Study Shows That Buying Experiences Is Better Than Buying Things

Gift-giving this Holiday season? Consider some new research from Cornell University’s Thomas Gilovich, professor of psychology, who says you’ll be more grateful if you buy an experience than if you buy a thing.

While people say positive things about items purchased, they used phrases like “I feel blessed” when referring to trips, experiences or even dining out. Gilovich and his team of researchers looked at 1,200 online reviews. Half were for material purchases, while the other half were for experiential purchases.   They found that reviewers were more likely to spontaneously mention feeling grateful for the experiential purchases.

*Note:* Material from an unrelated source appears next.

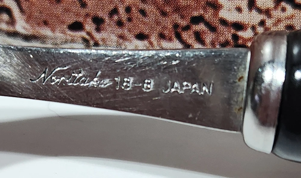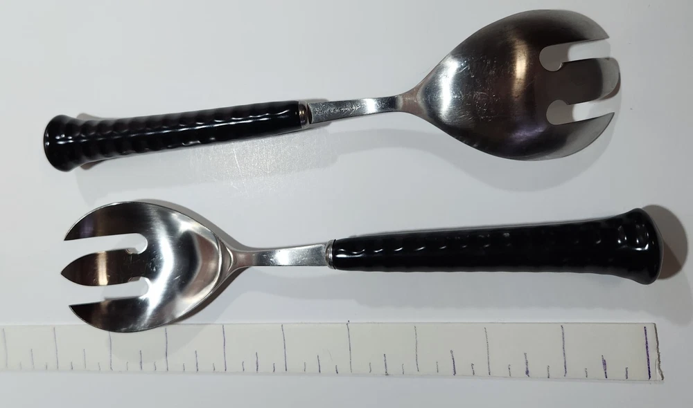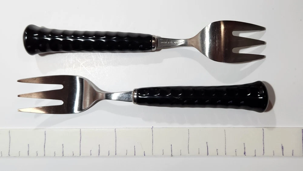 This MCM Noritake Primastone Decision Black 18-8 stainless flatware from Japan is a must-have for any collector or lover of unique flatware. The set features a sleek black color and ribbed handle that adds a touch of sophistication to any dining table. Made of durable stoneware and stainless steel, this vintage set is perfect for both everyday use and special occasions. With hand washing, this set will maintain its beauty for years to come. This flatware is perfect for those who love to mix and match their dinnerware and want a unique set that will impress their guests. Sold by the piece.
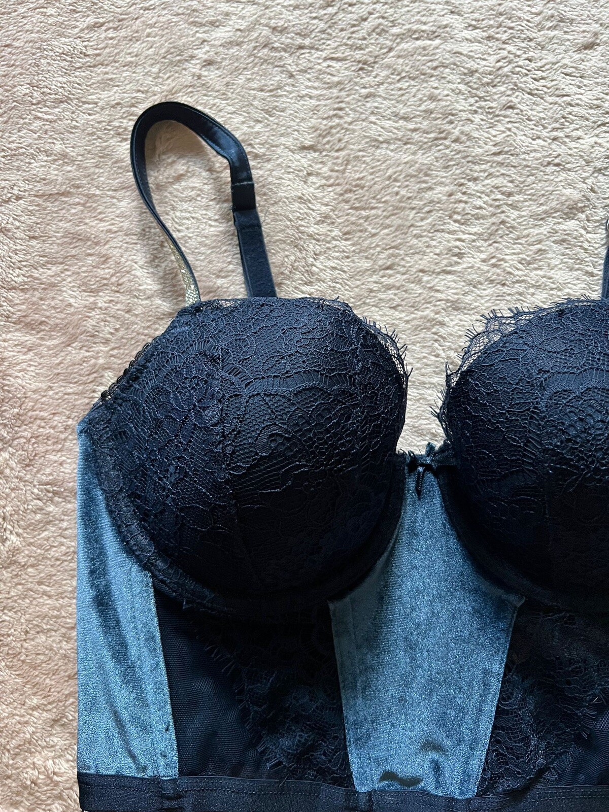как выглядит Victorias Secret Navy 34D Dream Angels Lace Velvet Shine Strap Corset Top NWT фото

Through additional research that involved an economic game, they discovered that people behaved more generously toward others when thinking about experiential purchases. So when it comes to choosing gifts this holiday season, don’t underestimate the value of trips, museum visits and dinner invitations.

The Joy of Giving All Year Long

Study after study shows that giving to others makes us happy. Perhaps that why this time of year brings such joy. It’s the only time of the year where giving is a priority.

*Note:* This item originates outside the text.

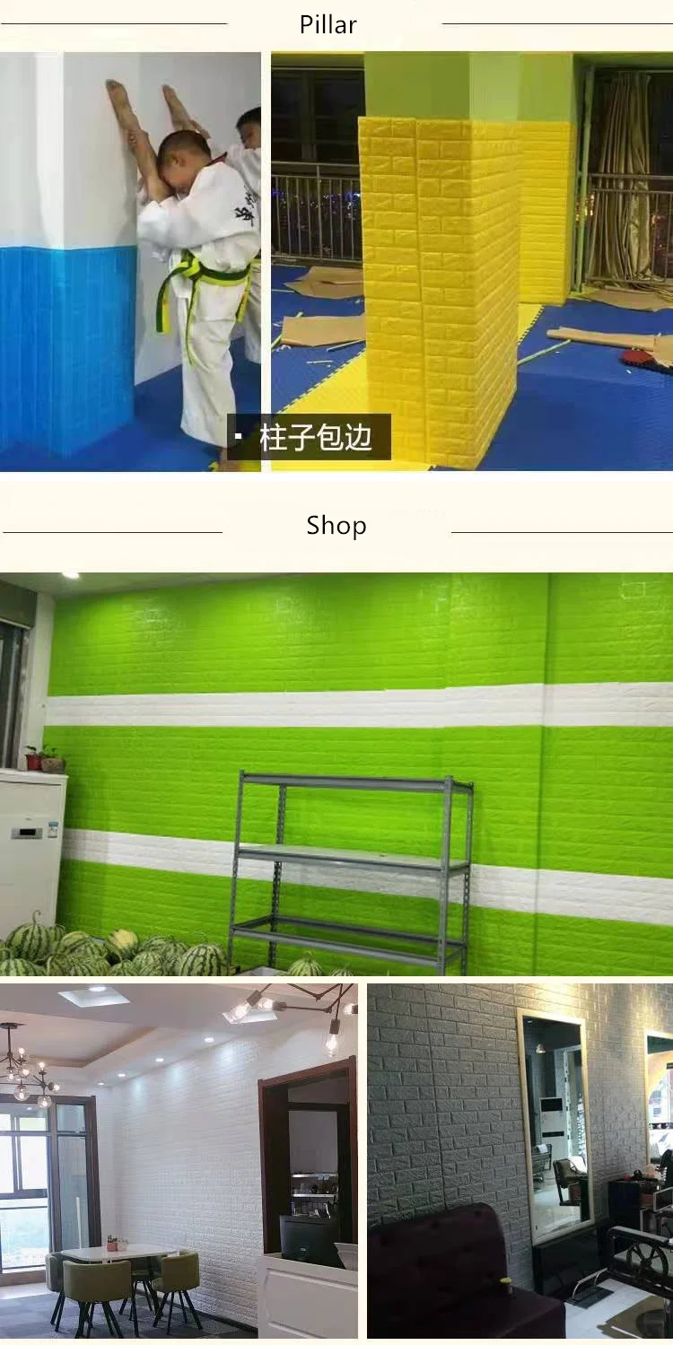 Характеристика: 1: трехмерная декоративная мягкая пена, защита от столкновений для детей, забота о вашей семье. 2: Безопасность и защита окружающей среды, нетоксичный запах, подходит для семейного безопасного домашнего пространства. 3: Реалистичный, естественный эффект кирпичного узора, простой и современный стиль. 4: Бесплатный DIY, простой самоклеящийся дизайн, установка, повседневный коллаж, произвольный крой. 5: сравнение обоев с улучшенным эффектом шумоподавления.

After the holidays, keep the good feeling of giving alive. Build giving into your way of life. You’ll be happier, more productive and more energized throughout the year. Giving doesn’t have to cost money or even focus on material goods. You can give to others with your smile, a quick “how are you?” a phone call, card or an email. It can take the form of an invitation to lunch or coffee.

The act of giving isn’t self-less. We benefit greatly when connecting with others in ways that make them feel good. Giving can break us out of negative thought cycles. It re-energizes us emotionally and spiritually. It also boosts creativity and openness. In 2017, consciously choose to continue the giving spirit all year long. You get much in return.

Mutual Benefits of Healthy Behavior and Executive Function

It might not surprise you that healthier behaviors are better for maintaining a high functioning brain. As it turns out, your health habits and brain function are in a positive feedback loop. Researchers in the UK and Ireland have discovered a bi-directional relationship between an active lifestyle and the brain’s ability to engage self-control, set and meet goals, resist temptation and solve problems.

The synergistic relationship of healthy living that boosts higher brain function can last into old age. The researchers suggest that these results may explain why those with higher executive function suffer less chronic illness and live longer after a chronic diagnoses.

Unfortunately, the researchers warn that there is likely also a negative feedback loop for people who live unhealthy lifestyles. If you’re sedentary, or you smoke or drink too much, it may be a predictor that your brain’s executive function is on the decline.